In this talk we will present results from a systematic study to understand charge and heat transport through polymer composites containing inorganic nanowires. Specifically we have synthesized tellurium and bismuth telluride nanowires of various diameter/length by controlling the synthesis conditions. We used the aqueous conducting polymer poly(3,4-ethylenedioxy-thiophene):polystyrene sulphonate, or PEDOT:PSS, due to its low thermal conductivity. Thin films of the nanocomposites were made by drop casting and annealing. The films were characterized by scanning electron microscopy, atomic force microscopy, x-ray photoelectron spectroscopy and Raman spectroscopy. In general we find that increasing the weight fraction of nanowires with respect to PEDOT:PSS increases both the electrical conductivity and Seebeck coefficient of the films. In addition, the electrical conductivity can be further increased by adding a secondary dopants without significant degradation of the thermopower factor. The spectroscopic measurements suggest that chemical and structural changes at the poly(3,4-ethylenedioxy-thiophene) segment/inorganic nanowire interface are responsible for the improved thermoelectric performance of the nanocomposite.

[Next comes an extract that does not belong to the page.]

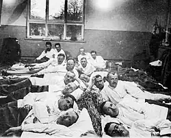 As the number of capitulated became too large, it was impossible to shoot everyone. More than 10,000 Reds were gathered to the Central Square, where they had to stand for nearly 24 hours. The prisoners were then transferred to a prison camp established in the eastern Kaleva district. During the next five months, 1,228 Reds died in the Tampere camp of executions, disease or hunger.[5]

Charge separation at small molecule organic donor/acceptor (D/A) interfaces is controlled, among other factors, by morphology and molecular packing. These buried interfaces are both crystalline and amorphous and exhibit a considerable degree of molecular intermixing. This combination prevents any single technique from solving the detailed picture of D/A interfaces. Here, a general methodology that combines Time-of-Flight Secondary Ion Mass Spectrometry (TOF-SIMS) and Atomic Force Microscopy (AFM) is shown. Since AFM is little sensitive to buried interfaces, it is employed here to investigate the surface after sequential profiling using TOF-SIMS. The unique combination of high (few nanometers) resolution depth profiling and ultra-high (parts-per-billion) chemical selectivity of TOF-SIMS and nanometer spatial resolution of AFM can assess the degree of molecular intermixing, local crystallinity and molecular packing at such interfaces. We will present results for two model interfaces: copper phthalocyanine/fullerene (CuPc/C₆₀) [1] and squaraine/fullerene (SQ/C₆₀) [2]. We find that both interfaces deviate considerably from the cartoon like picture with sharp interfaces. The CuPc/C₆₀ interfaces are characterized by an interdiffusion of the C₆₀ molecules as far as 6.5 nm into the CuPc amorphous regions. A similar interdiffusion scenario is found for SQ/C60 interfaces that can be correlated with the resulting 60% increase in the external quantum efficiency (EQE).

References:

[1] Na Sai, Raluca Gearba, Andrei Dolocan, John R. Tritsch, Wai-Lun Chan, James R. Chelikowsky, Kevin Leung, and Xiaoyang Zhu, “Understanding the Interface Dipole of Copper Phthalocyanine (CuPc)/C60: Theory and Experiment”, The Journal of Physical Chemistry Letters 3, 2173 (2013).

[2] Jeramy D. Zimmerman, Brian E. Lassiter, Kai Sun, Andrei Dolocan, Raluca Gearba, Keith J. Stevenson, David Vanden Bout, and Stephen R. Forrest, “Control of interface order by inverse quasi-epitaxial growth of squaraine/fullerene thin film photovoltaics”, submitted to Proceedings of the National Academy of Sciences of the USA (2013).